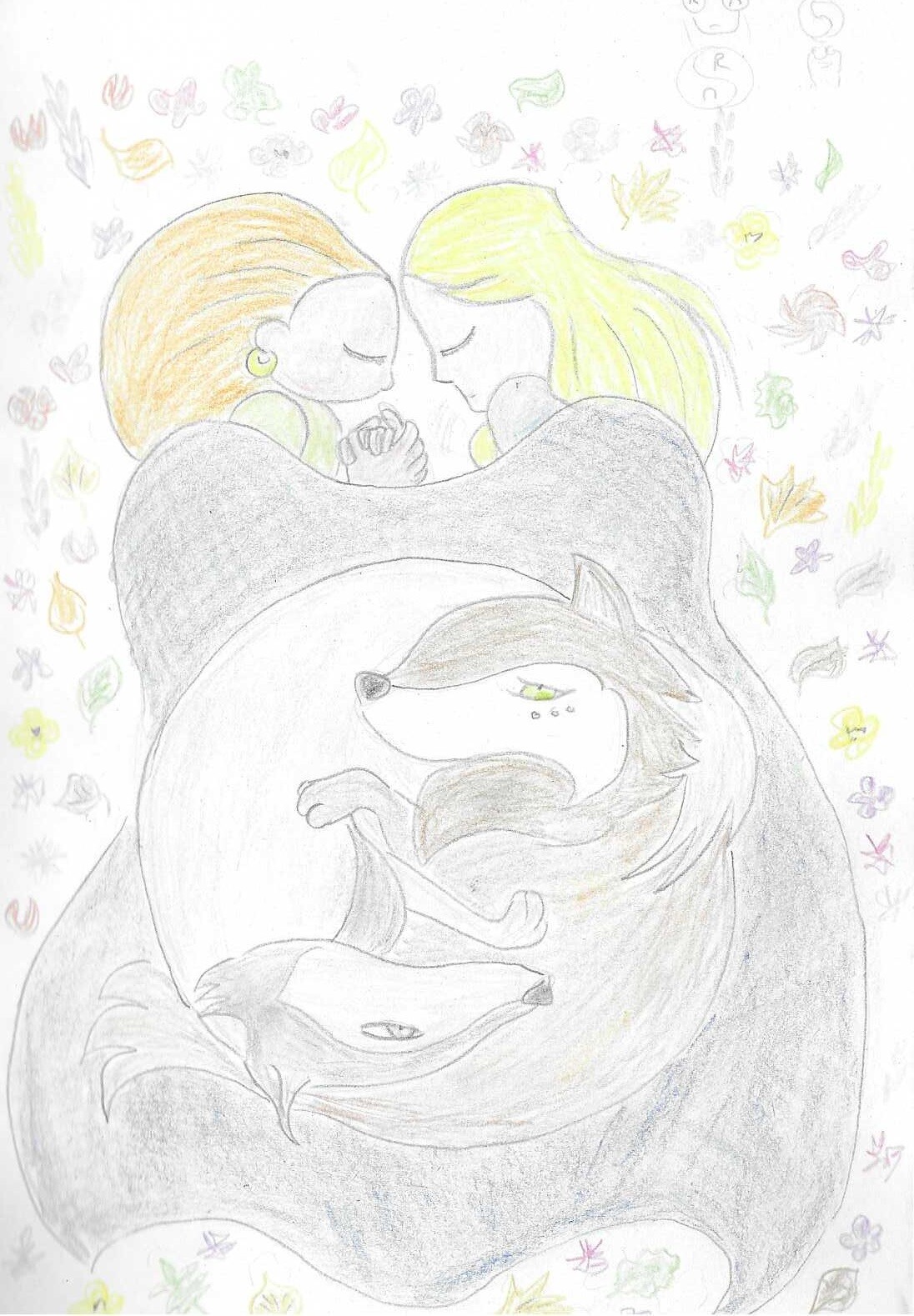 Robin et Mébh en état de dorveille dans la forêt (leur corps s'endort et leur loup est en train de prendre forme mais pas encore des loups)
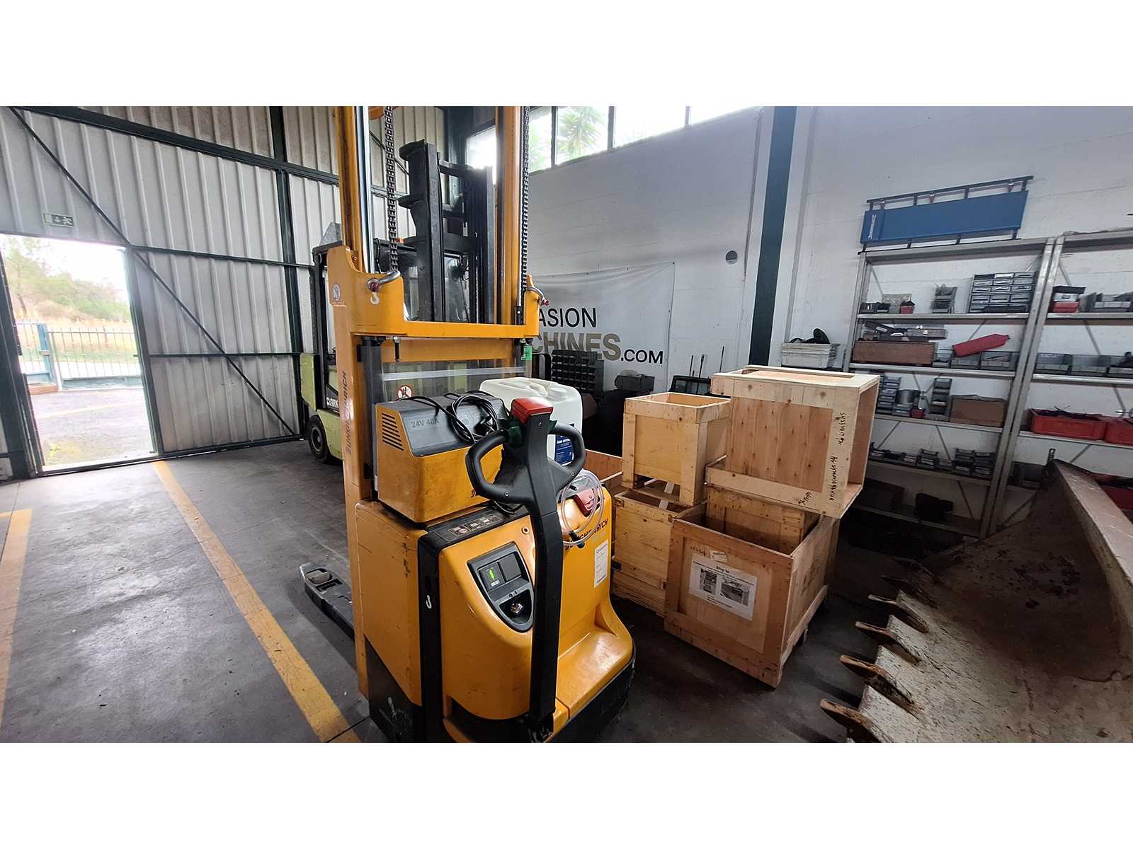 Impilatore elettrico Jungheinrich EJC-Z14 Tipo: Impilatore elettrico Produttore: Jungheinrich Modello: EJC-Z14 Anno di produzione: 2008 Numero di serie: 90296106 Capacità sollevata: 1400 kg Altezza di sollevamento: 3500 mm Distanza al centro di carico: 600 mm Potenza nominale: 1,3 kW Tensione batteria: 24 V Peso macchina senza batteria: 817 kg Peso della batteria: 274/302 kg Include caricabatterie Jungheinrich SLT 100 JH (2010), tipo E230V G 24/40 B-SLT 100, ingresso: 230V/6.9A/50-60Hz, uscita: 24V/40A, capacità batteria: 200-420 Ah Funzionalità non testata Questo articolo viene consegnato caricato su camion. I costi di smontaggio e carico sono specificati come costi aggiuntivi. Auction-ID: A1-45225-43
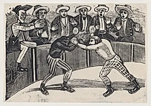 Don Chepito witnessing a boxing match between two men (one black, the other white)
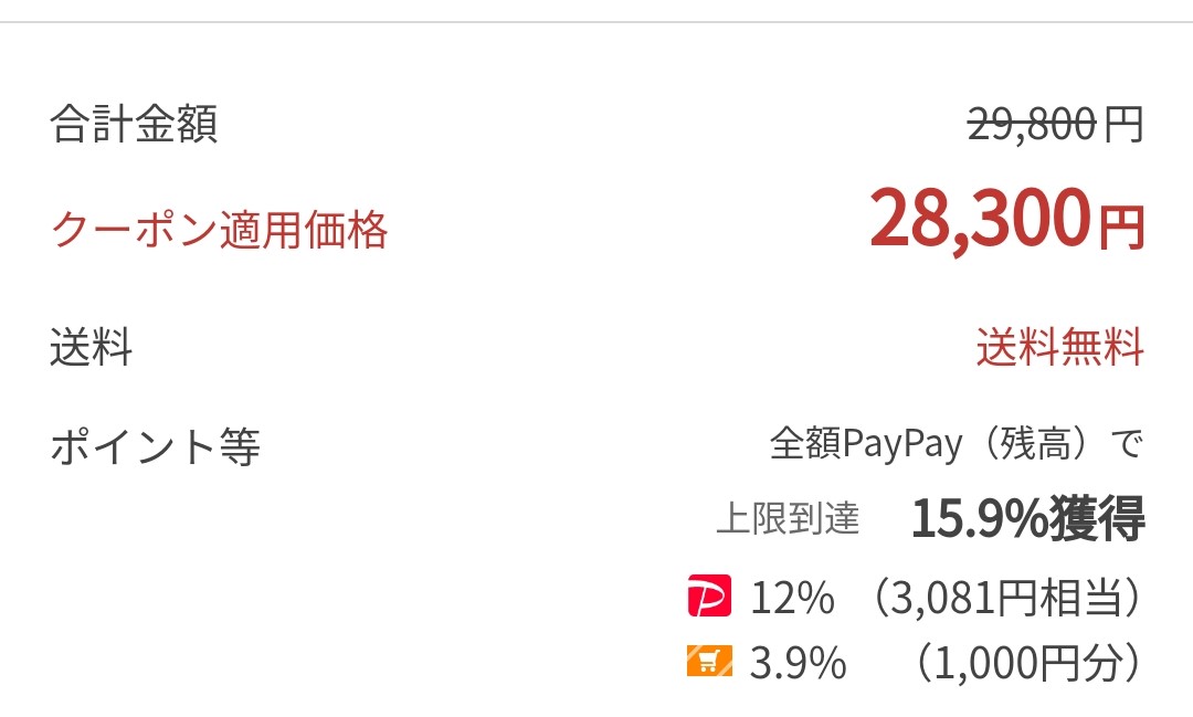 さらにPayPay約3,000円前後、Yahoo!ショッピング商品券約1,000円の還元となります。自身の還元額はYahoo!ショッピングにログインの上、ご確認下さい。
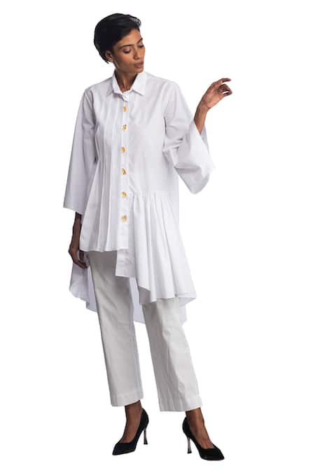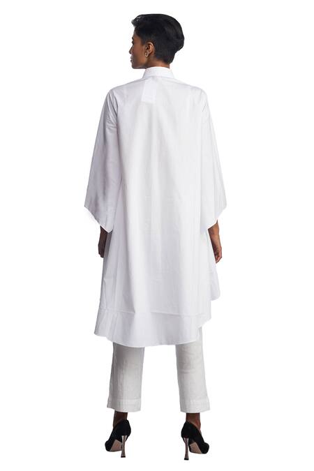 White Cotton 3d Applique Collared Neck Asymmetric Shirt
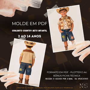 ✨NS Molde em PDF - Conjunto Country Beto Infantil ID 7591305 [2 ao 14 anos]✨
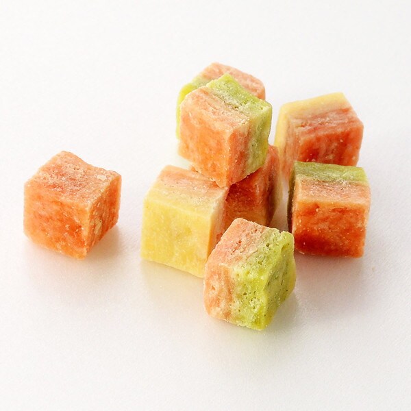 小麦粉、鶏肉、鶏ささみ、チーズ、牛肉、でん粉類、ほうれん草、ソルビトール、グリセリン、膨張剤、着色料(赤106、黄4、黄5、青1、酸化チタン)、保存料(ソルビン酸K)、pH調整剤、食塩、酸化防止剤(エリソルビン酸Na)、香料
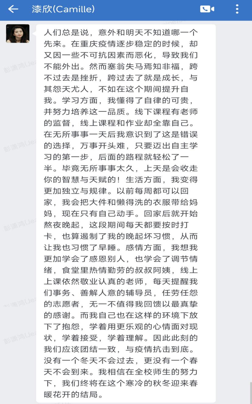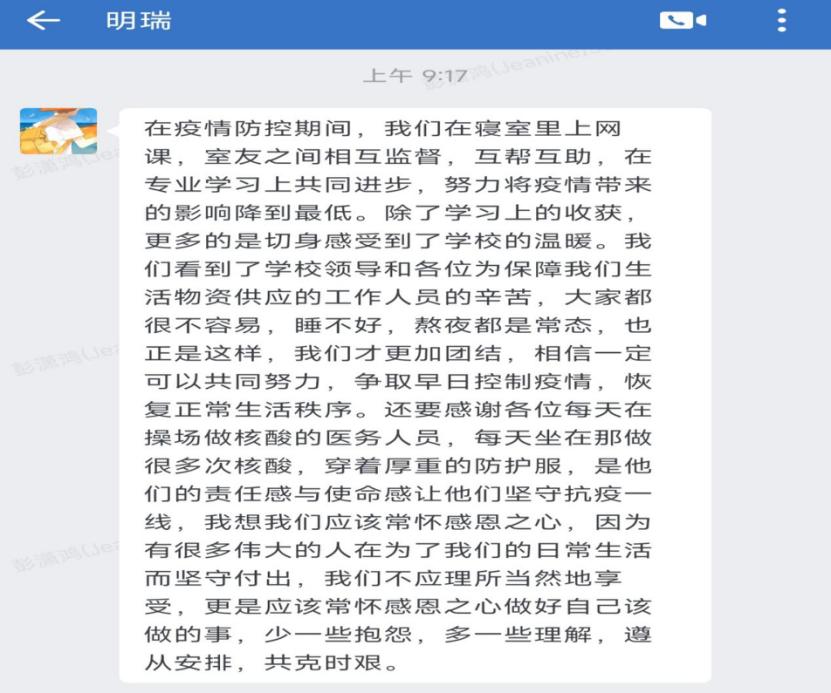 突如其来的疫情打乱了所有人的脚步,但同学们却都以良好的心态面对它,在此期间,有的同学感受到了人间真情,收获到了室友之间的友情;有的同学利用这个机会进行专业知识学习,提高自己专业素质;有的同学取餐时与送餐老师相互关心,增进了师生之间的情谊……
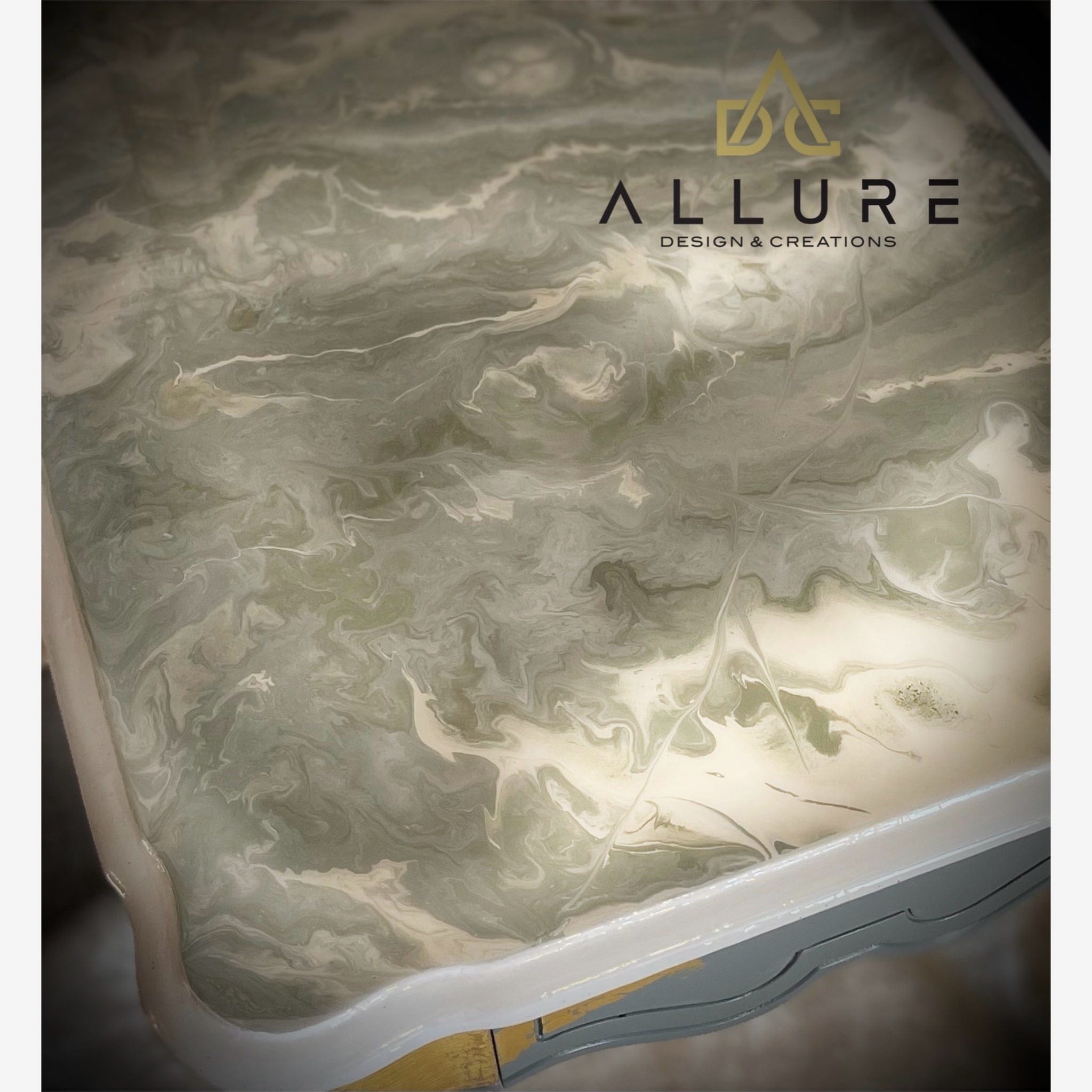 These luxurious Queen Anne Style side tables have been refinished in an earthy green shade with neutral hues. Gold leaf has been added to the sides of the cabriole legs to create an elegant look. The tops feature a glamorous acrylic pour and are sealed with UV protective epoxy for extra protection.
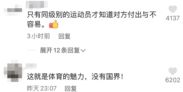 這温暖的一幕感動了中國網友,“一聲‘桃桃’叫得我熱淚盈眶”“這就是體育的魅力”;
++++++++++++++++++++
▸ What is required: Repeat the material verbatim but without any of its pictures.

▸ Completed task:
 Robin et Mébh en état de dorveille dans la forêt (leur corps s'endort et leur loup est en train de prendre forme mais pas encore des loups)
 Impilatore elettrico Jungheinrich EJC-Z14 Tipo: Impilatore elettrico Produttore: Jungheinrich Modello: EJC-Z14 Anno di produzione: 2008 Numero di serie: 90296106 Capacità sollevata: 1400 kg Altezza di sollevamento: 3500 mm Distanza al centro di carico: 600 mm Potenza nominale: 1,3 kW Tensione batteria: 24 V Peso macchina senza batteria: 817 kg Peso della batteria: 274/302 kg Include caricabatterie Jungheinrich SLT 100 JH (2010), tipo E230V G 24/40 B-SLT 100, ingresso: 230V/6.9A/50-60Hz, uscita: 24V/40A, capacità batteria: 200-420 Ah Funzionalità non testata Questo articolo viene consegnato caricato su camion. I costi di smontaggio e carico sono specificati come costi aggiuntivi. Auction-ID: A1-45225-43
 Don Chepito witnessing a boxing match between two men (one black, the other white)
 さらにPayPay約3,000円前後、Yahoo!ショッピング商品券約1,000円の還元となります。自身の還元額はYahoo!ショッピングにログインの上、ご確認下さい。
 White Cotton 3d Applique Collared Neck Asymmetric Shirt
 ✨NS Molde em PDF - Conjunto Country Beto Infantil ID 7591305 [2 ao 14 anos]✨
 小麦粉、鶏肉、鶏ささみ、チーズ、牛肉、でん粉類、ほうれん草、ソルビトール、グリセリン、膨張剤、着色料(赤106、黄4、黄5、青1、酸化チタン)、保存料(ソルビン酸K)、pH調整剤、食塩、酸化防止剤(エリソルビン酸Na)、香料
 突如其来的疫情打乱了所有人的脚步,但同学们却都以良好的心态面对它,在此期间,有的同学感受到了人间真情,收获到了室友之间的友情;有的同学利用这个机会进行专业知识学习,提高自己专业素质;有的同学取餐时与送餐老师相互关心,增进了师生之间的情谊……
 These luxurious Queen Anne Style side tables have been refinished in an earthy green shade with neutral hues. Gold leaf has been added to the sides of the cabriole legs to create an elegant look. The tops feature a glamorous acrylic pour and are sealed with UV protective epoxy for extra protection.
 這温暖的一幕感動了中國網友,“一聲‘桃桃’叫得我熱淚盈眶”“這就是體育的魅力”;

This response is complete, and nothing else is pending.